Task objective: Each line below from the line with "olio su cartoncino, cm" to the line with "5/28/25, 9:41 AM" must be copied exactly, including those two, and no picture may appear in the copy.

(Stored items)
---------------
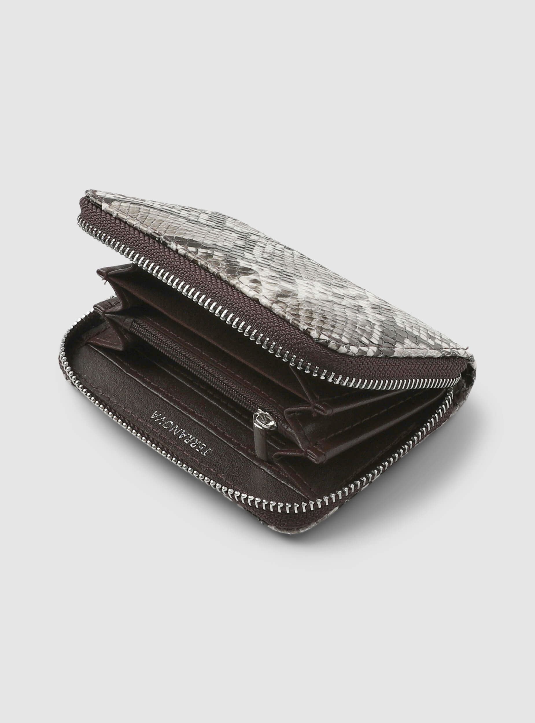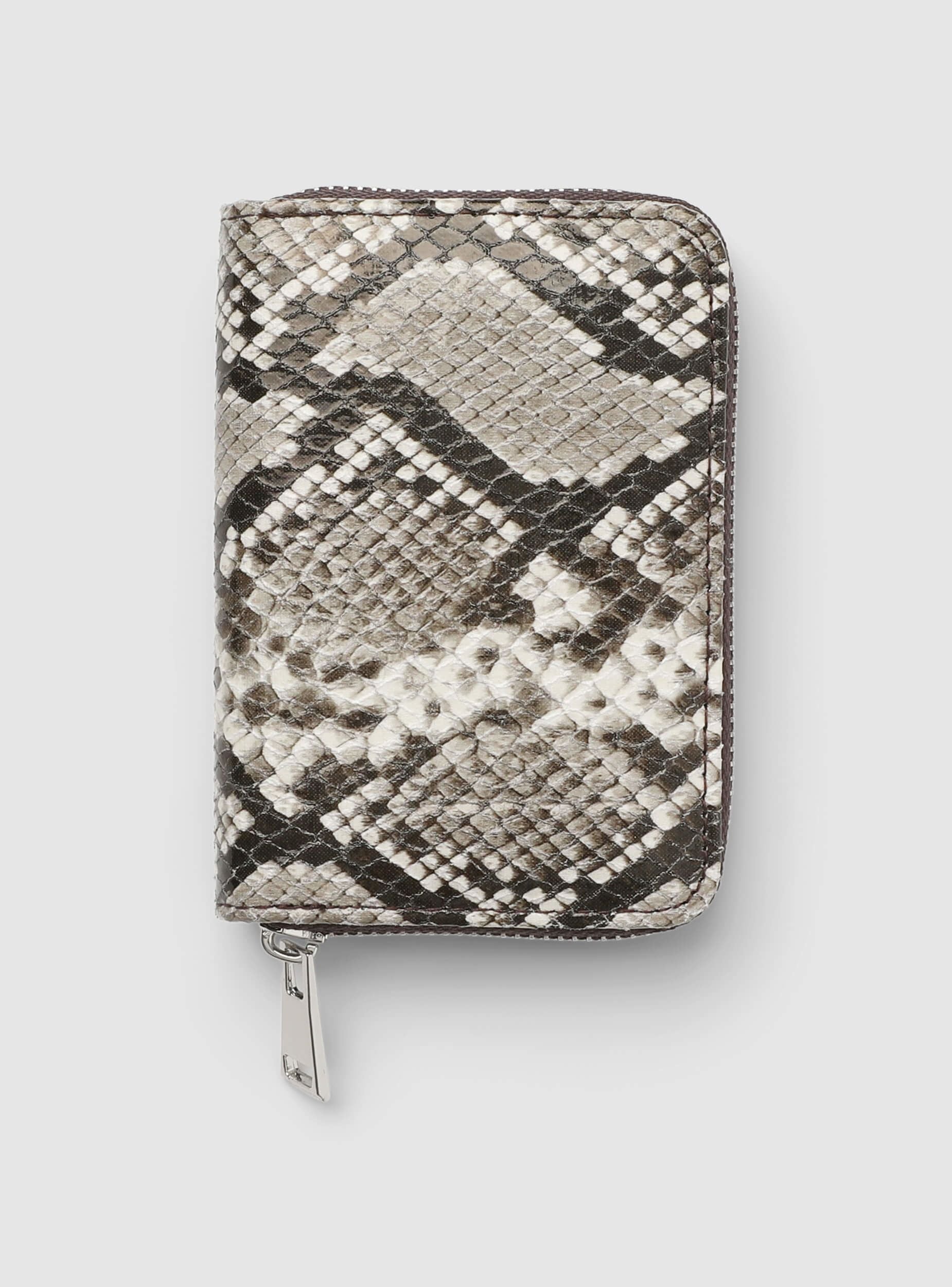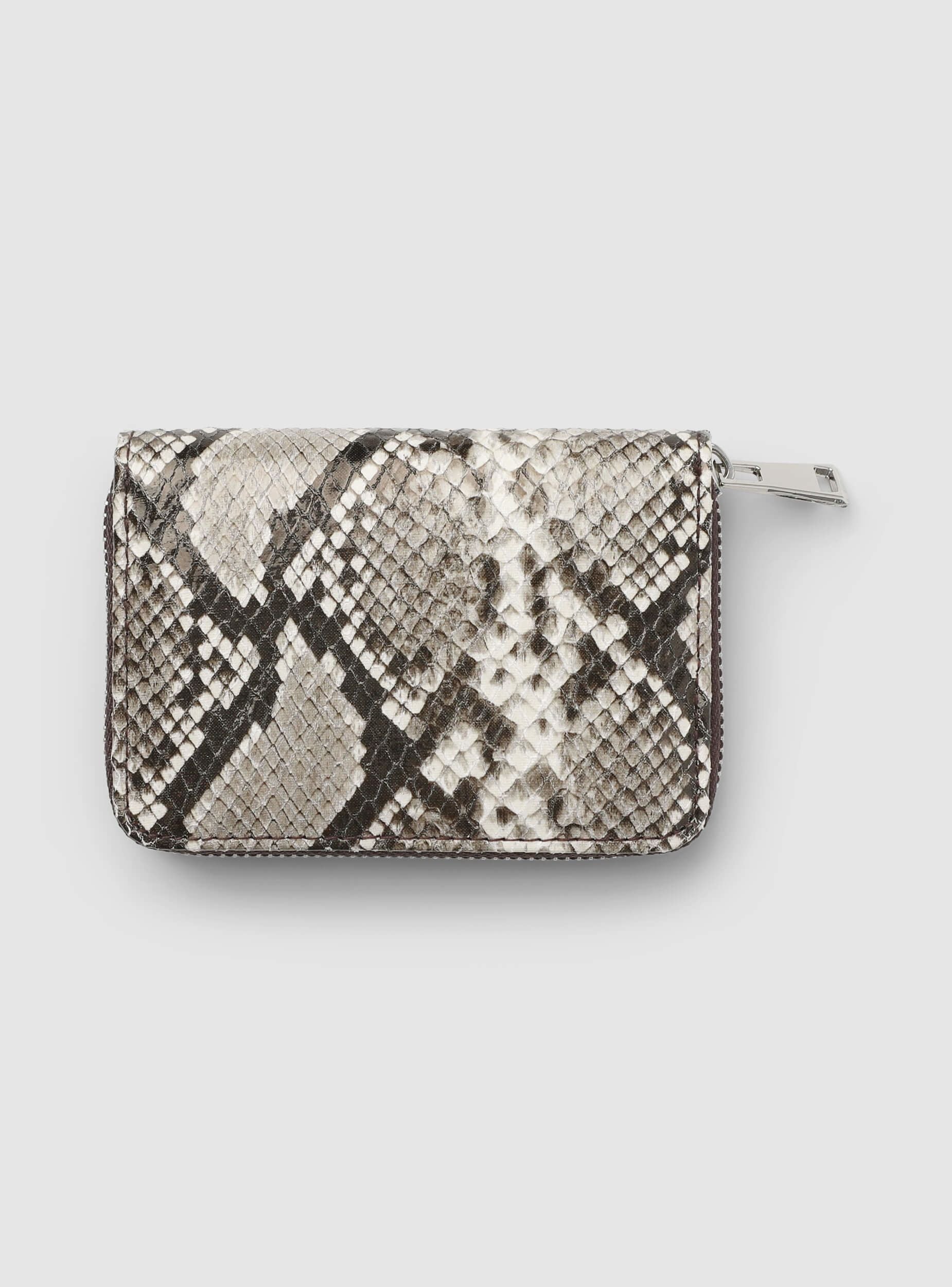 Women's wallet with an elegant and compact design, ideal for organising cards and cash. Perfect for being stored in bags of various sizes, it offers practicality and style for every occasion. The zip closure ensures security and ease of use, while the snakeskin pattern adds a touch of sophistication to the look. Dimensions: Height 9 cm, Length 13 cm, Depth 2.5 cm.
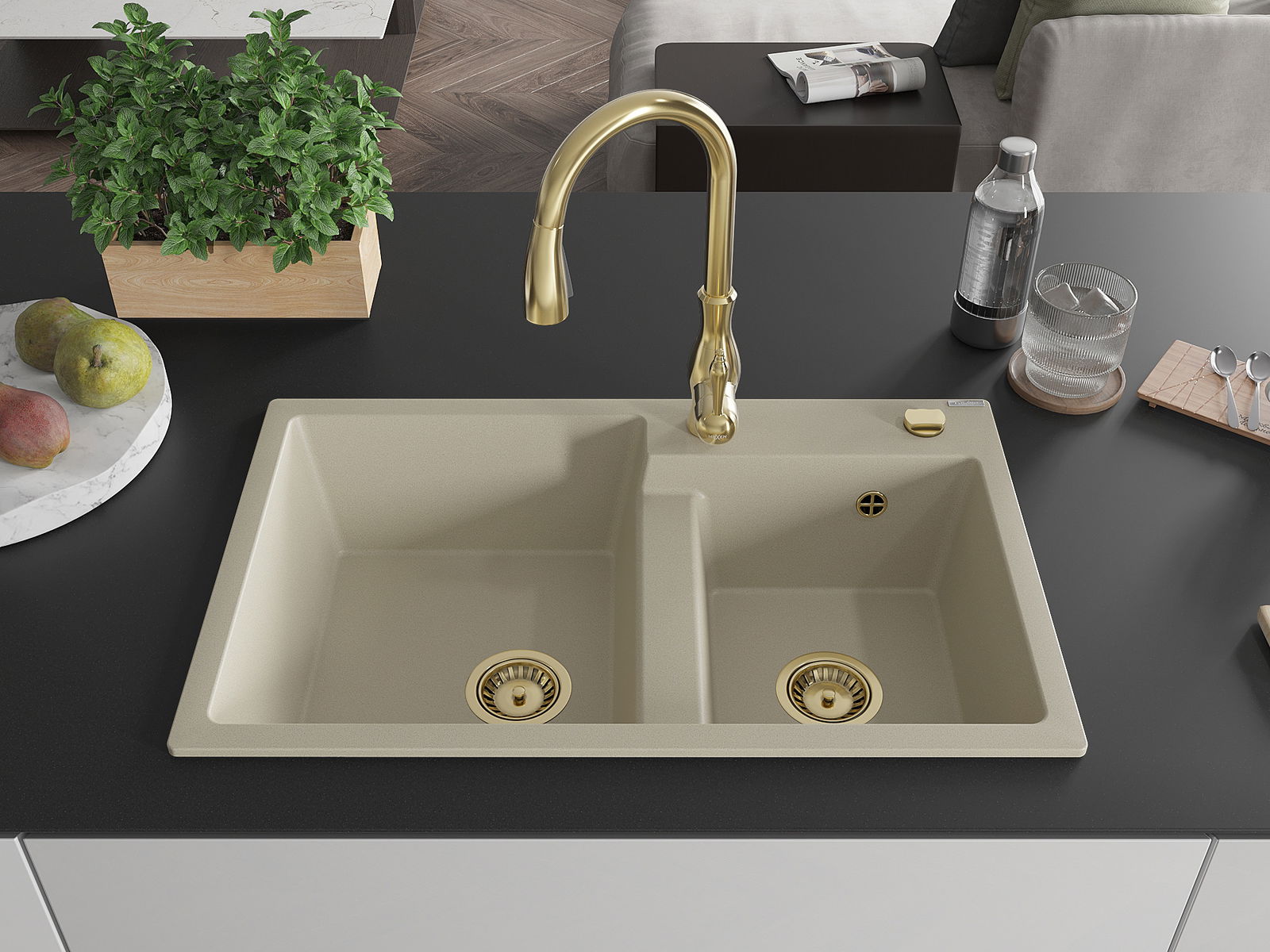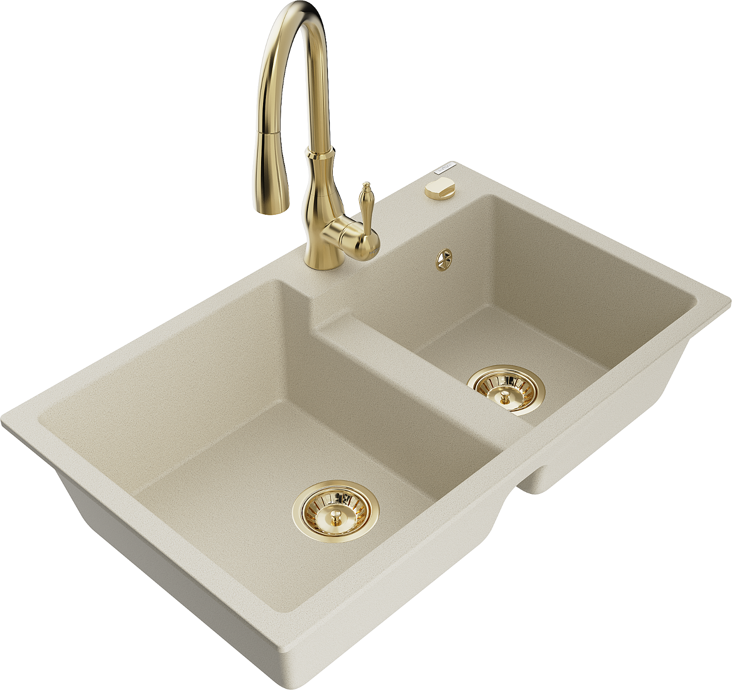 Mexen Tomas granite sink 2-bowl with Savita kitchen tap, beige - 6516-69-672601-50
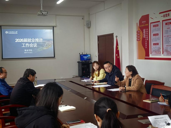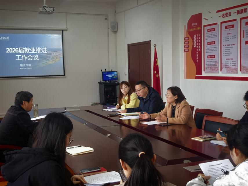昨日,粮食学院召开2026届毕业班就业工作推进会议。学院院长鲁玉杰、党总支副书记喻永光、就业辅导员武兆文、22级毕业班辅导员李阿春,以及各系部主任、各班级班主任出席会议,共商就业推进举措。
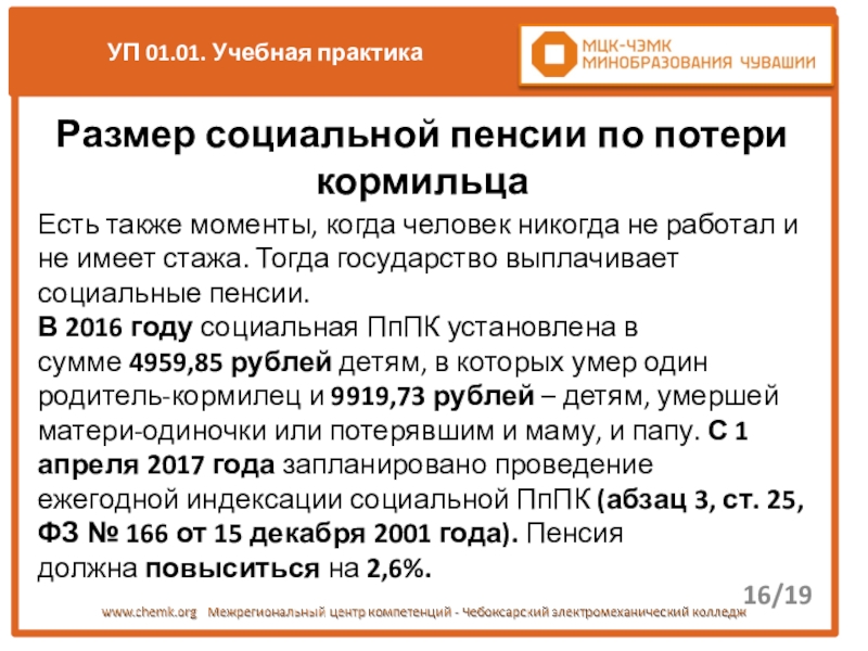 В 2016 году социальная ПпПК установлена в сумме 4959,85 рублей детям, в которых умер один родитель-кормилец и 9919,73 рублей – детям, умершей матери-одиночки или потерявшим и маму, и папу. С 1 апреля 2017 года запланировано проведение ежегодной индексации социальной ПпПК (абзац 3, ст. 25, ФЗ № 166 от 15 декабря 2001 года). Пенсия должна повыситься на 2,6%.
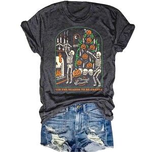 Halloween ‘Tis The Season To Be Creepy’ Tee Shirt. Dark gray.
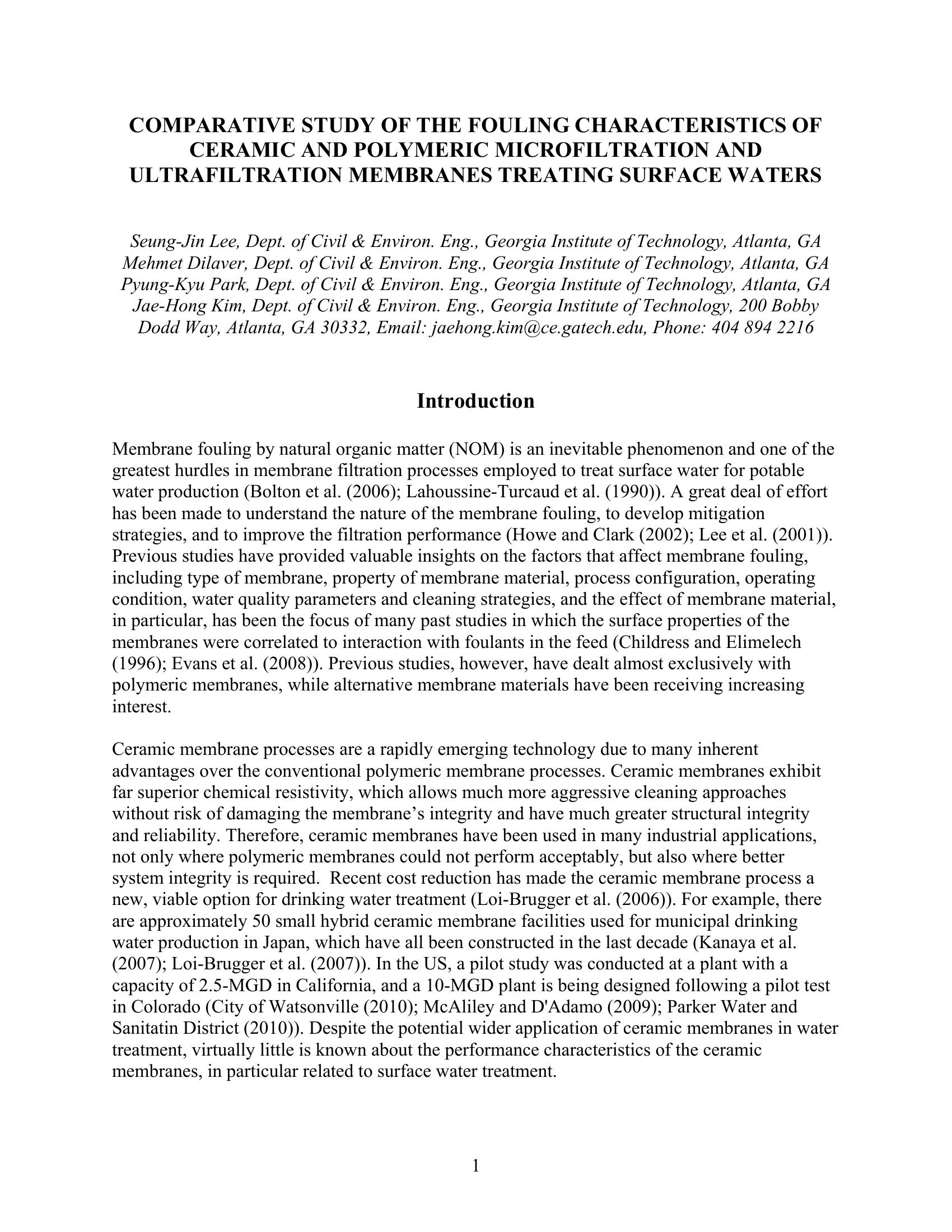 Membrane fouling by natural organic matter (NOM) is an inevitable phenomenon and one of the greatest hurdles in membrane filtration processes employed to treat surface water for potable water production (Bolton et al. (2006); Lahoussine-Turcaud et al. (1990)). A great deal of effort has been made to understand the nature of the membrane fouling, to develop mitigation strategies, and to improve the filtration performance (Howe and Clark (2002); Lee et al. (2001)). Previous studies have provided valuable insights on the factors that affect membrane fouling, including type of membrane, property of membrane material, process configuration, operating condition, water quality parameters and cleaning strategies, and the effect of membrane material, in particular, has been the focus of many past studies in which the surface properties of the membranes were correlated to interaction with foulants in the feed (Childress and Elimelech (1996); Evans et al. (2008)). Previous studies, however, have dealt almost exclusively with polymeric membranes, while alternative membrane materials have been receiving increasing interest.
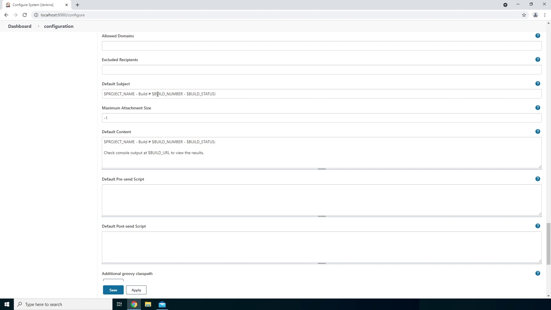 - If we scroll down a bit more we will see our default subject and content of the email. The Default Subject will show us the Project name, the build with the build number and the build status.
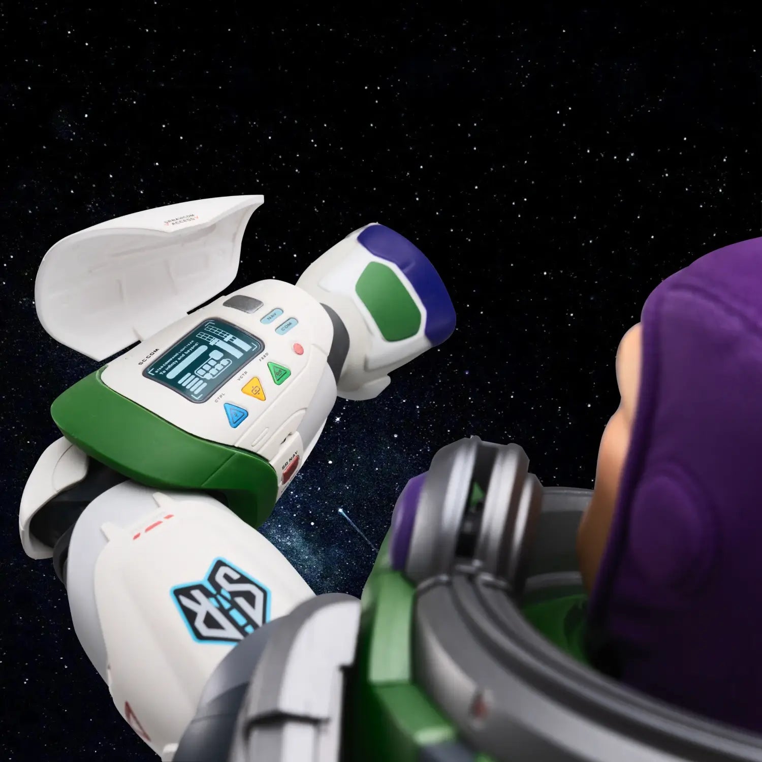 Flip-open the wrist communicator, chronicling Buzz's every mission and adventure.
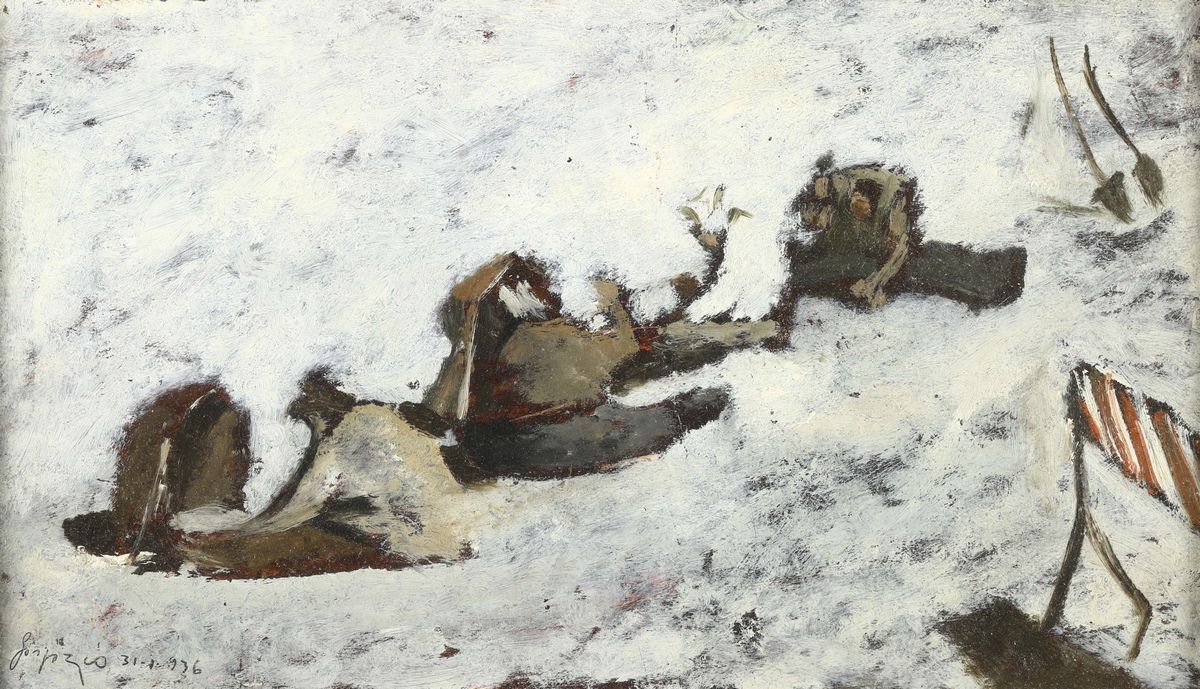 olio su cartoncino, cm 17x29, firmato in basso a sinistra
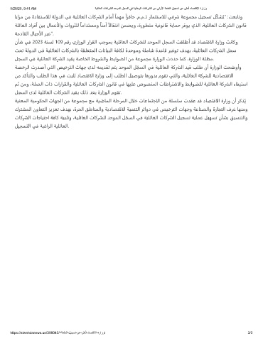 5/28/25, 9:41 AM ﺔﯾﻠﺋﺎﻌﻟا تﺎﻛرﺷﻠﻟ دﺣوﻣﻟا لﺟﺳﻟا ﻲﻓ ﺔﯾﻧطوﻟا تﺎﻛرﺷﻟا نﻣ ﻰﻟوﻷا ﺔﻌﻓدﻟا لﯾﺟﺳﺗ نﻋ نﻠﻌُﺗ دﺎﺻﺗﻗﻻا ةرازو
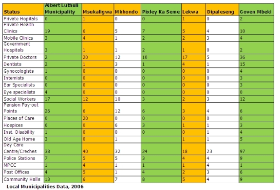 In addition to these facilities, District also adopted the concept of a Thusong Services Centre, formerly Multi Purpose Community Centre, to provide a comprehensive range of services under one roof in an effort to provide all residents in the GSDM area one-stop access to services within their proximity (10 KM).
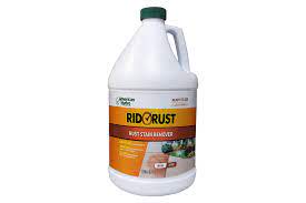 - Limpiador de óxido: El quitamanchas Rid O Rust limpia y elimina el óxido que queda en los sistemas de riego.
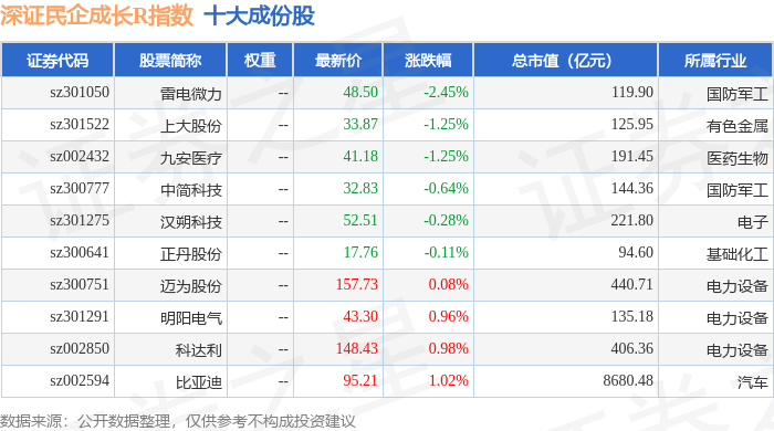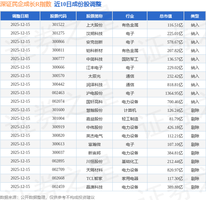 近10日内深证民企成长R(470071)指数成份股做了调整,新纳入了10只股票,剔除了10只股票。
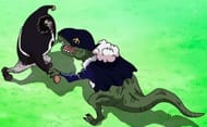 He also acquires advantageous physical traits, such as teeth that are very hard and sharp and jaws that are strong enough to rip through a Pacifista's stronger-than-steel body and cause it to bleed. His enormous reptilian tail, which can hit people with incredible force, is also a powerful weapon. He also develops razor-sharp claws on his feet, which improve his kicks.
---------------
Answer to this exercise:
 olio su cartoncino, cm 17x29, firmato in basso a sinistra
 5/28/25, 9:41 AM ﺔﯾﻠﺋﺎﻌﻟا تﺎﻛرﺷﻠﻟ دﺣوﻣﻟا لﺟﺳﻟا ﻲﻓ ﺔﯾﻧطوﻟا تﺎﻛرﺷﻟا نﻣ ﻰﻟوﻷا ﺔﻌﻓدﻟا لﯾﺟﺳﺗ نﻋ نﻠﻌُﺗ دﺎﺻﺗﻗﻻا ةرازو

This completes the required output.